More Honors for Theo Greene as Sociology Professor Receives Early Career Award

By Tom Porter
Assistant Professor of Sociology Theo Greene has won the Sociology of Sexualities Early Career Award, issued by the American Sociological Association (ASA).
greene in classroom 2016
Greene in the classroom, 2016.

The 2020 Karofsky Prize winner, who specializes in the intersections of gender, sexuality, urbanism, and culture, was praised for the quality and cutting-edge nature of his scholarship as well as the impact he is already having on the field.

“Receiving this award is a vindication of the work I am doing to illuminate the lives of LGBTQ+ people,” said Greene. “The fact that scholars found my work worthy of nomination in the first place is both humbling and deeply touching.”

This is not the first time Greene has been honored by the ASA. In 2020, the organization gave him a Distinguished Article Award for a chapter he published in an academic journal called   “Aberrations of Home: Gay Neighborhoods and the Experiences of Community Among GBQ Men of Color.”

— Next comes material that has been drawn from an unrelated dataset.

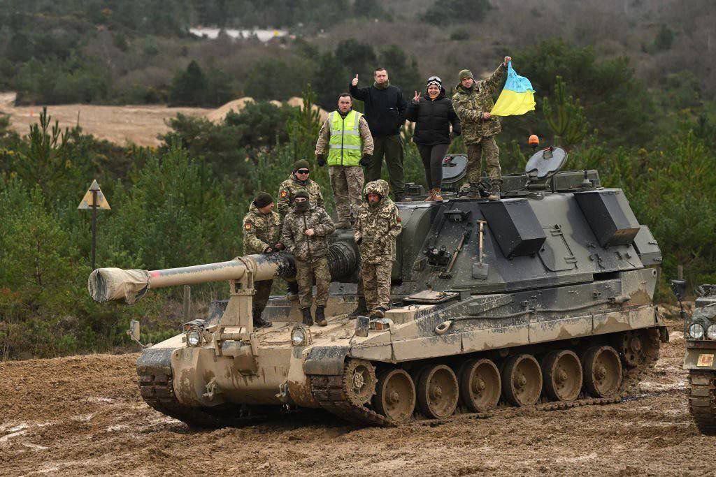 Ουκρανοί στρατιώτες πάνω σε ένα αυτοκινούμενο πυροβόλο AS90 SPH των βρετανικών ενόπλων δυνάμεων.
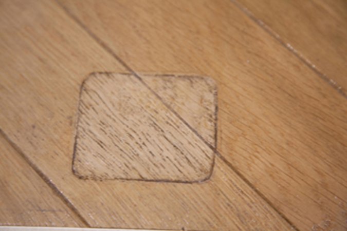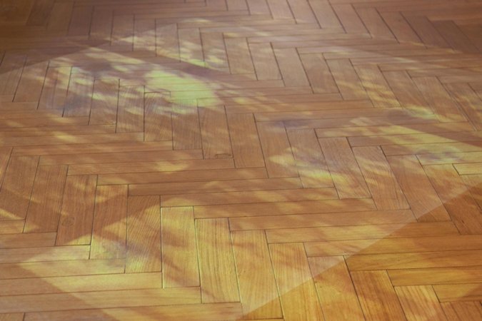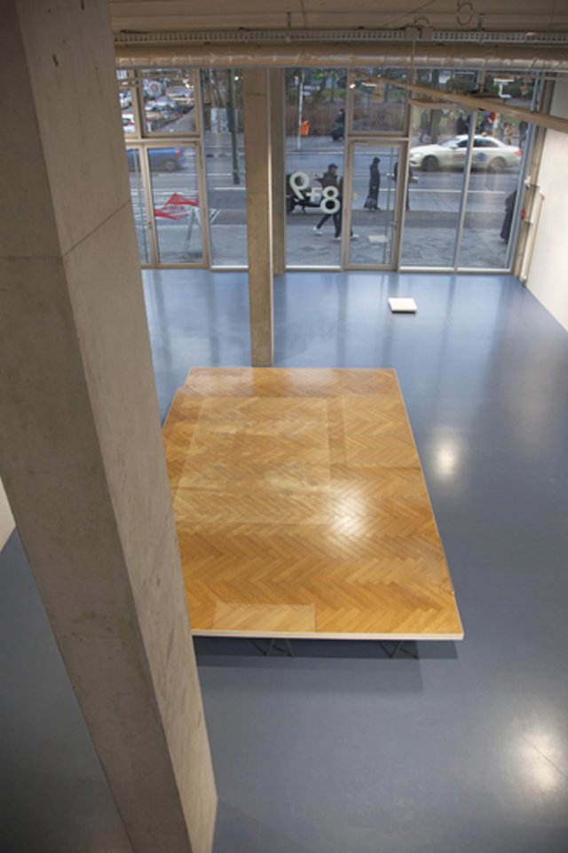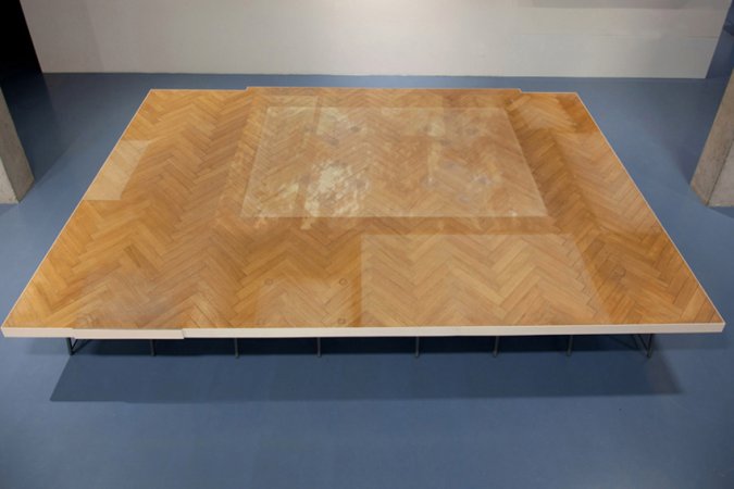 Aus der Erinnerung wird der Fußboden eines Familien-Wohnzimmers (Wohnzimmer der Großmutter) so genau wie möglich nachgebaut, mit allen Nutzungspuren, die Menschen und Möbel darauf hinterlassen haben. Während Menschen, Möbel, Zimmer und Wände verschwunden sind, fällt warmes Licht durch ein ebenfalls verschwundenes Fenster. Oben: Installation im Ausstellungsraum mit bewegter Projektion des langsam wandernden Sonnenlichtes / Darunter: Gesamtansicht und Detail: ins Parket eingearbeitete Spuren.

Since then, he has been working on several projects, including his upcoming book, Not in MY Gayborhood! Gay Neighborhoods and the Rise of the Vicarious Citizen, due to come out later this year. He has also published the article “‘You’re Dancing on My Seat!’: Queer Subcultures and the Production of Places in Contemporary Gay Bars,” which was a finalist for the 2023 Jane Addams Best Article Award for the Community and Urban Sociology Section. “The article,” said Greene, “attends to the strategies that LGBTQ subcultures deploy to create meaningful places within the vestiges of local queer life.”

Other work Greene has pursued includes an essay called “We Will Always Remember: Reactivating Queer Places as Expressions of Grief, Solidarity, and Protest after Pulse,” published as a chapter of an edited volume. The work, said Greene, “draws on the global response to the Pulse nightclub tragedy in 2016 to introduce place reactivation—the act of temporarily reclaiming and reviving the dormant symbolic character of a neighborhood.” 

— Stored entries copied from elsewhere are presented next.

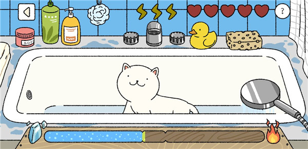 8、洗澡:这个比较麻烦,需要控制手机的左右高度来稳定进度条,位于绿条时水温合适,拖动淋浴头给猫洗澡。需要注意的是,每次成功的洗澡都会增加水温。如果你是模拟器玩家,记得及时把淋浴头拖到右下角去,因为猫走上去也算。之后再调整模拟高度。
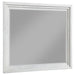 Distinctive hardware and layered trim work create a refined but dimensional effect for a five-piece modern bedroom set. In distressed white with wood grain texturing, it's a complete set that includes an upholstered bed with a padded headboard, two-drawer nightstand, five-drawer chest, and six-drawer dresser and mirror. It delivers ample storage and easy organization in a cohesive bedroom ensemble. The bed features a contemporary, open silhouette with a tall headboard and low footboard. Add colorful linens for a fresh look or stick with crisp white for a soothing monochromatic effect.
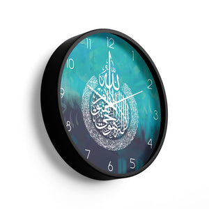 Experience spiritual calm with the Islamic Wall Clock – Ayatul Kursi Aqua Blue Modern Design by KLOK.(Model ISL-0030)
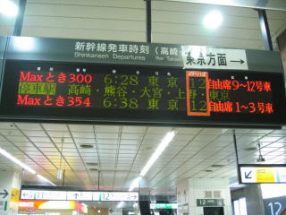 日曜日の始発新幹線の自由席は1〜4号車です。
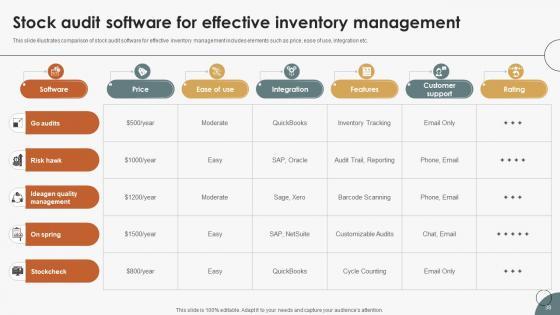This slide illustrates comparison of stock audit software for effective inventory management includes elements such as price, ease of use, integration etc. Explore a selection of the finest Boosting Efficiency In Inventory Stock Audit Software For Effective Inventory Management here. With a plethora of professionally designed and pre-made slide templates, you can quickly and easily find the right one for your upcoming presentation. You can use our Boosting Efficiency In Inventory Stock Audit Software For Effective Inventory Management to effectively convey your message to a wider audience. Slidegeeks has done a lot of research before preparing these presentation templates. The content can be personalized and the slides are highly editable. Grab templates today from Slidegeeks. This slide illustrates comparison of stock audit software for effective inventory management includes elements such as price, ease of use, integration etc.
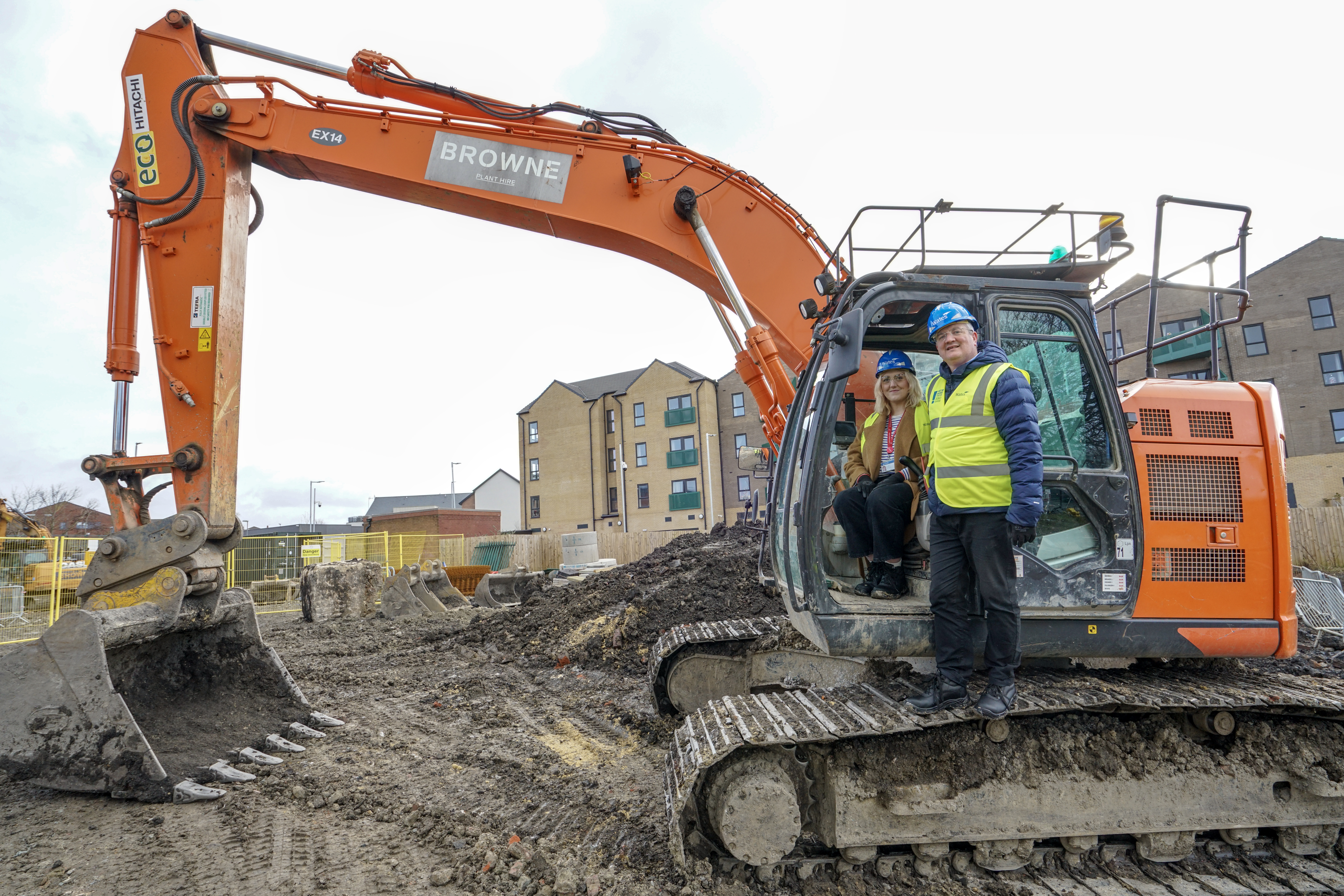 Councillor James Lewis, the leader of Leeds City Council, and Councillor Jess Lennox, the council’s executive member for housing, visit the Brooklands Avenue building site.
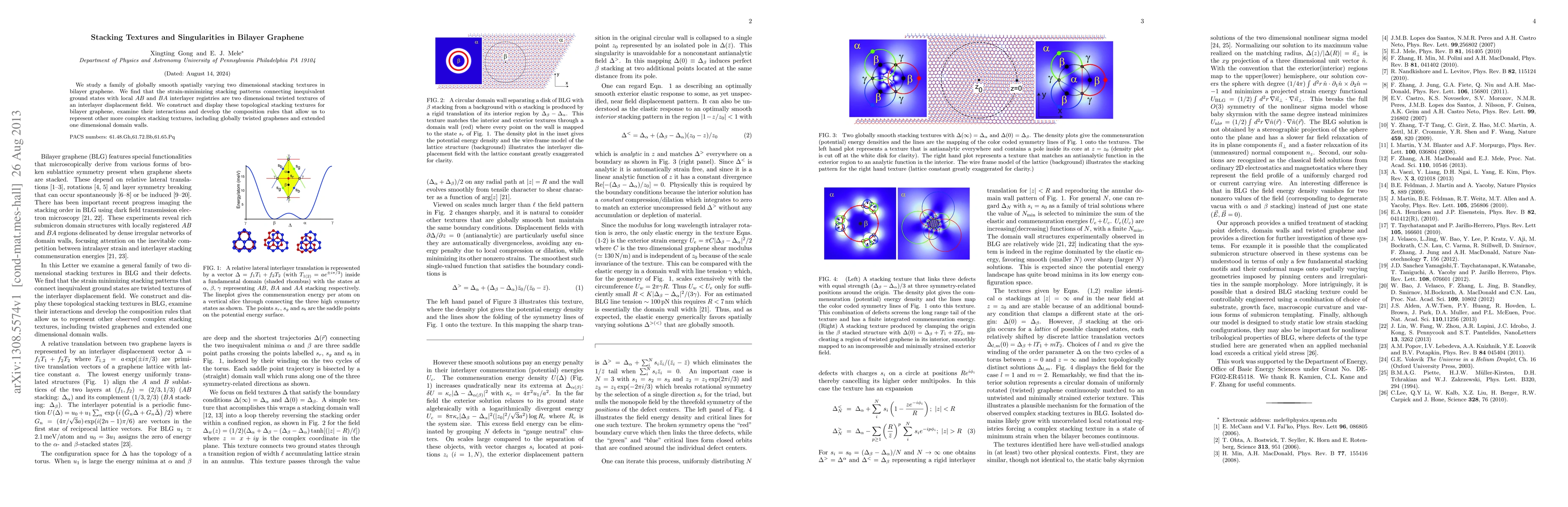 The paper presents a detailed theoretical framework for understanding and constructing topological stacking textures in bilayer graphene, including globally twisted graphenes and domain walls.
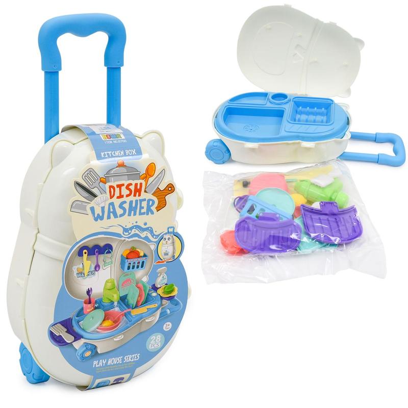 Іграшковий набір "Кухня". Комплектація - 28 предметів: мийка, посуд, столові прибори. Матеріал - пластик. Упаковка - валізка на колесах. Розмір - 37х20х10 см.

Greene, who joined the Bowdoin faculty in 2015, is excited to be on sabbatical next year and to continue work on his second project, which, he said, examines queer placemaking in Portland, Maine. “This project explores the residential and institutional evolution of Portland’s LGBTQ communities, focusing on how local queer communities recreate and reclaim lost cultural and commercial anchors through ephemeral placemaking. I am particularly excited about this project,” commented Greene, “as it will include a virtual walking tour of every LGBTQ space that existed in the town.”